> **What the task asks**:
From the line containing "High resolution picture, free" to the line containing "4月29日下午的操场热闹非凡" in the records below, set down every line exactly as it stands, both ends included, and skip the pictures.

> **Provided data**:
#####
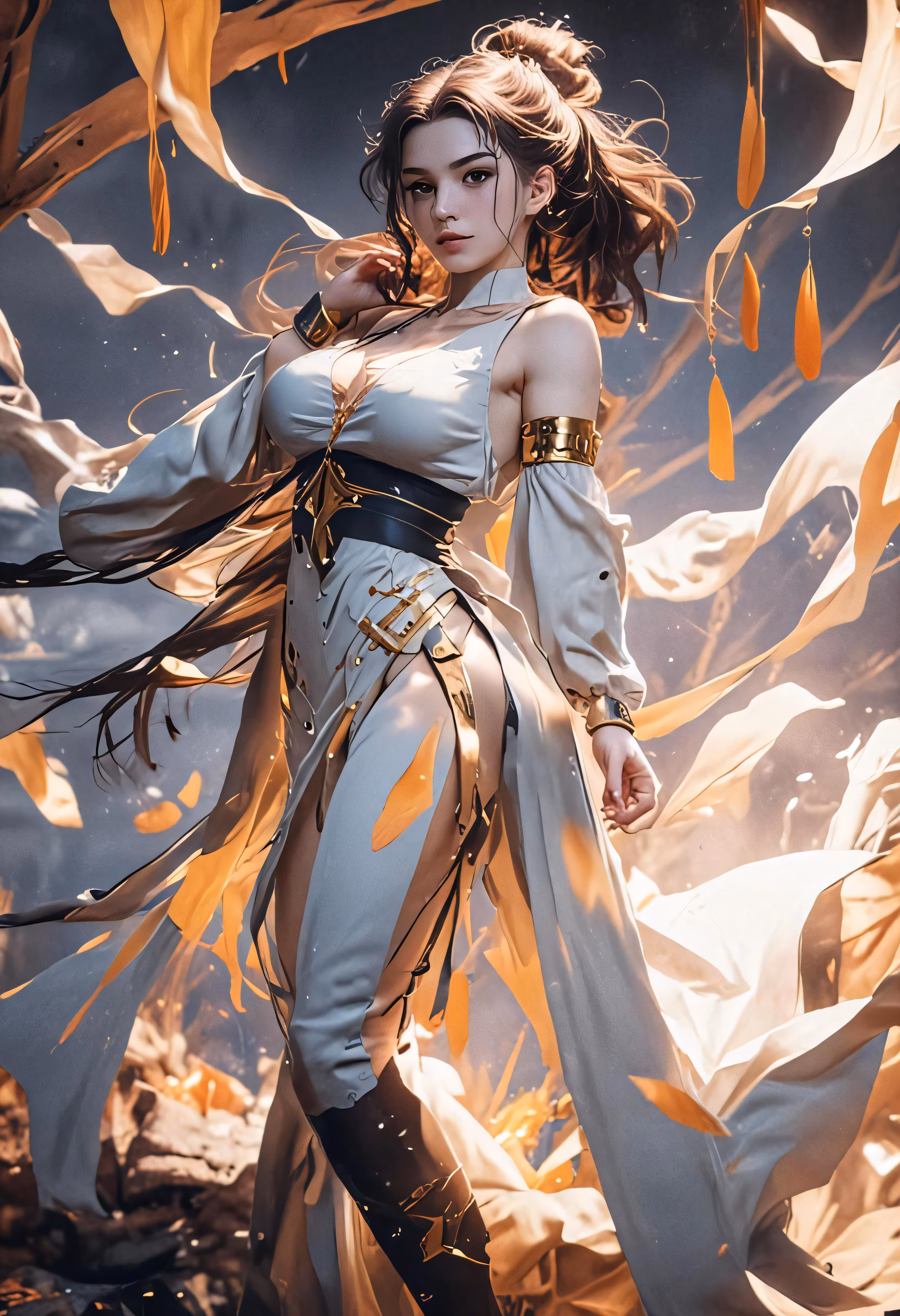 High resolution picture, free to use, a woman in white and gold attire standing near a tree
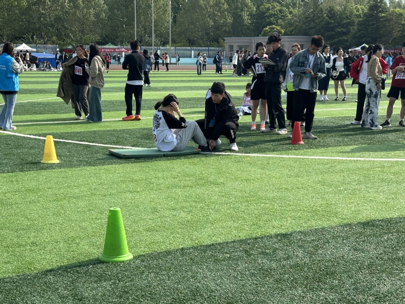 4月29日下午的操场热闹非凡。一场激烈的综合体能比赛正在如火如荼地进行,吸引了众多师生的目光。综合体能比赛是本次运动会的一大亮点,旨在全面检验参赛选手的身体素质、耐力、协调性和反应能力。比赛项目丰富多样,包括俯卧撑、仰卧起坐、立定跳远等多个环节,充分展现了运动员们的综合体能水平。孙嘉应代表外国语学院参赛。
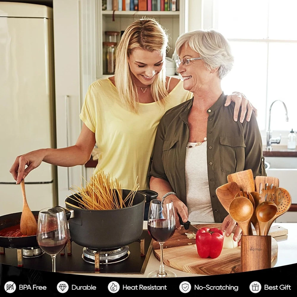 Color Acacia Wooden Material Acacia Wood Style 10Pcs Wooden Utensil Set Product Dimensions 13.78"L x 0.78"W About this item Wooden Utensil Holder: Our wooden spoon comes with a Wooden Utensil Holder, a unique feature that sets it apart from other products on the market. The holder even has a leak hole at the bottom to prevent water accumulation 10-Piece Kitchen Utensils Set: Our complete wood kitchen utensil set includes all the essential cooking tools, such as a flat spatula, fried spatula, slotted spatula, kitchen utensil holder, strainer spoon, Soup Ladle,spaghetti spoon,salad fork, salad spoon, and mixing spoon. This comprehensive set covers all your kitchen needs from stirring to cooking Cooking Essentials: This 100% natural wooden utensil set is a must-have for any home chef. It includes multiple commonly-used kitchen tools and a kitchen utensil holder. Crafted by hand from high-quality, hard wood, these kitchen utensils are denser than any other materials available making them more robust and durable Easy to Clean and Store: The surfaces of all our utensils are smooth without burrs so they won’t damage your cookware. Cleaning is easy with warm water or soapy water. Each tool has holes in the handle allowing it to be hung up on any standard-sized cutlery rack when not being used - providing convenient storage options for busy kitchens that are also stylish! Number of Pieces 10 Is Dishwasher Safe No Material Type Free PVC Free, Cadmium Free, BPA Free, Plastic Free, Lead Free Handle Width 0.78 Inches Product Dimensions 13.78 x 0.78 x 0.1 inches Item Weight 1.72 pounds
#####
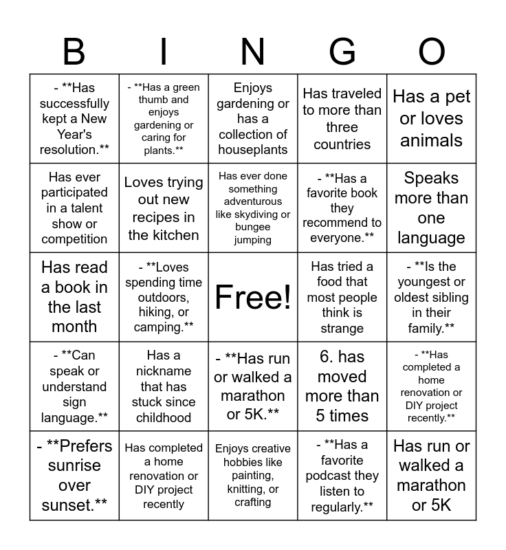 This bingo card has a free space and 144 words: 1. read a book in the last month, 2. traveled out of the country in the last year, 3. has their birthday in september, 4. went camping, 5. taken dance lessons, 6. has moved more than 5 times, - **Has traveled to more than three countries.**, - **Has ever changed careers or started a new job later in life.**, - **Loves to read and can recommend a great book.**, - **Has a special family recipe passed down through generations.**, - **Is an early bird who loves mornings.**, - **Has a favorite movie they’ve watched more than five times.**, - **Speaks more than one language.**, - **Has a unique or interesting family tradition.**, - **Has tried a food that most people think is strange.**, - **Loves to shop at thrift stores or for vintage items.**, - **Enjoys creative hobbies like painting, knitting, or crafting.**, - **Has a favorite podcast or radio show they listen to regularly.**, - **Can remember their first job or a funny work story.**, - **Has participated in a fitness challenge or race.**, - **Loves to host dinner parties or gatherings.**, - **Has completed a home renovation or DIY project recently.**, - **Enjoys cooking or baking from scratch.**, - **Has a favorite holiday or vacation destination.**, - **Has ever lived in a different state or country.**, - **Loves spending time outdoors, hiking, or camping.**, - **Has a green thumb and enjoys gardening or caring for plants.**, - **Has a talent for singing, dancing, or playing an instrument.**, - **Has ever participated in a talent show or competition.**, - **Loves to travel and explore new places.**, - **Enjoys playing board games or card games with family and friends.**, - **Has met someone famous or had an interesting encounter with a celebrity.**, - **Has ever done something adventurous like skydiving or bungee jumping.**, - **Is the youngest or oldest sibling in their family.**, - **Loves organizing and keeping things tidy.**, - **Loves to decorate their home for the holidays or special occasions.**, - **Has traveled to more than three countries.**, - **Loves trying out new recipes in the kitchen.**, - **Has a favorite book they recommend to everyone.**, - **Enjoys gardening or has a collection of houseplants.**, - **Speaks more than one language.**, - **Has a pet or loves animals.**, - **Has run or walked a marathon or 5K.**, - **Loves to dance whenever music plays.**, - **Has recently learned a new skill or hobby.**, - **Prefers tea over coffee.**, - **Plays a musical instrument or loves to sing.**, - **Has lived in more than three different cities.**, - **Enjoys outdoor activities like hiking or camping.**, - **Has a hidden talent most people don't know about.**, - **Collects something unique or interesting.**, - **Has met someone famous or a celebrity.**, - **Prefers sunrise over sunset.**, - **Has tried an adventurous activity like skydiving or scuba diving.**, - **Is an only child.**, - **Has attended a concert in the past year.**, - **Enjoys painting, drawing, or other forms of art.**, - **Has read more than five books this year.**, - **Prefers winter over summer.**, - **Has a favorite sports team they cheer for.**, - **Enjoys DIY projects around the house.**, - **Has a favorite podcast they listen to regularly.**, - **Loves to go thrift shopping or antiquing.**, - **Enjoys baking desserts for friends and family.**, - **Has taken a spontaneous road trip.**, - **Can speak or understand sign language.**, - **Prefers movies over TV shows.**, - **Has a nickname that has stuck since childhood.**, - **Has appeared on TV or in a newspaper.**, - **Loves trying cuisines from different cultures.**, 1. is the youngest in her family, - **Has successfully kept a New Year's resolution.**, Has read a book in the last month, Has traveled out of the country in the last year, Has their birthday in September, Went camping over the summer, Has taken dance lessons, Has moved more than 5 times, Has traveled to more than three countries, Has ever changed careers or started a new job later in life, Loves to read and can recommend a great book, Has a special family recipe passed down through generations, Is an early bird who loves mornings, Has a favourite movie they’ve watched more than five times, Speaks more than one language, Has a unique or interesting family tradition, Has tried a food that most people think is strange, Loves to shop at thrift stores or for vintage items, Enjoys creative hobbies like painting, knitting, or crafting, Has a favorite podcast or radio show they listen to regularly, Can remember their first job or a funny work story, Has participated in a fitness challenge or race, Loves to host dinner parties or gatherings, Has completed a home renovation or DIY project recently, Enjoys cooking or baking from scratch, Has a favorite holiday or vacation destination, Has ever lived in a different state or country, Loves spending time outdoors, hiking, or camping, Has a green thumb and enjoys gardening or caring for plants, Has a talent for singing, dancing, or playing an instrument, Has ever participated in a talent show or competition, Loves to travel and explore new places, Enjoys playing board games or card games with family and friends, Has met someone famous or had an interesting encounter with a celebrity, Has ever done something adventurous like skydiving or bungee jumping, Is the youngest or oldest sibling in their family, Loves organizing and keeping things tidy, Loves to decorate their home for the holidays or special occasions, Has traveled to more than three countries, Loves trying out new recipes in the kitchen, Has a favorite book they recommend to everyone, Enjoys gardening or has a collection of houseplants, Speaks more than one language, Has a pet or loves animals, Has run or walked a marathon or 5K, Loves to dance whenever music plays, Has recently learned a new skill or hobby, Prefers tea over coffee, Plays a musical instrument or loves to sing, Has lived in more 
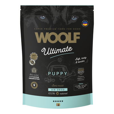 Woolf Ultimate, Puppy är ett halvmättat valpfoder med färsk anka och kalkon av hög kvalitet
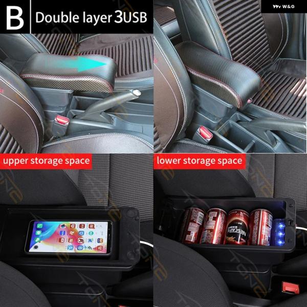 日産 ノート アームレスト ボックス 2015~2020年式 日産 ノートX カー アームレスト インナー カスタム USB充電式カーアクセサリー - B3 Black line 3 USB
#####
> **Result**:
 High resolution picture, free to use, a woman in white and gold attire standing near a tree
 4月29日下午的操场热闹非凡。一场激烈的综合体能比赛正在如火如荼地进行,吸引了众多师生的目光。综合体能比赛是本次运动会的一大亮点,旨在全面检验参赛选手的身体素质、耐力、协调性和反应能力。比赛项目丰富多样,包括俯卧撑、仰卧起坐、立定跳远等多个环节,充分展现了运动员们的综合体能水平。孙嘉应代表外国语学院参赛。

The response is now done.